シオノギグローバル感染症連携部門の一分野として2019年に発足した当分野は、マラ リアに対する宿主応答の解析を担当し、特にマラリアワクチン開発研究に注力している。

免疫病態制御学分野メンバー

スタッフ

准教授 水上修作
特任研究員 中前早百合
協力研究員 宮川聡史(細胞環境構築学分野)
技能補佐員 谷口真由美
技能補佐員 野口亜紀子
大学院生 神谷万里子(免疫遺伝学分野)

研究活動

マラリアに対しては既に多くのワクチン開発研究がなされており、最も有望とされているRTS,Sはアフリカ地域での使用が開始されたが、更なる研究が未だ必要とされている。

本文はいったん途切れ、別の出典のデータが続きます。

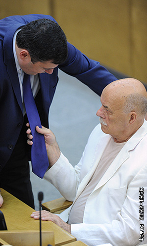 Заместитель председателя комитета ГД по безопасности и противодействию коррупции Александр Хинштейн и режиссер, депутат Госдумы Станислав Говорухин (слева направо) на пленарном заседании Государственной Думы РФ, посвященном вопросу о ратификации протокола о присоединении России к Всемирной торговой организации (ВТО).

マラリアの原因となるマラリア原虫の生活環は、ヒトの体内では肝細胞期と赤内期に分かれている。赤血球期に対しては、薬剤耐性株の出現という大きな問題は抱えているが、これまでに多くの薬が開発されている。これに対し、肝細胞期に使用できる薬剤はわずかしかなく、それらの薬剤も副作用を示すものに限られている。

肝細胞期マラリアに対しては、Tリンパ球が主体となる細胞性免疫がその防御に重要であると考えられている。しかしながら、これまでのワクチン候補の多くは抗体が主体となる液性免疫を誘導を目指したものであり、これと対をなす細胞性免疫を誘導するものは多くなかった。

本分野では、肝細胞期マラリアを標的とした細胞性免疫誘導ワクチン開発研究を行い、これに適したワクチン抗原、抗原デリバリーシステムなどの選定を行う。また、これに加えて、免疫系を活性化するアジュバント物質、簡便かつ効果の見込まれる免疫方法などの検討も試みる。

我々の研究は、マウスマラリアモデルを用いて開始されるが、ヒトに感染する熱帯熱マラリアを用いた研究への応用及びワクチン開発に結び付く研究結果を得ることを目指す。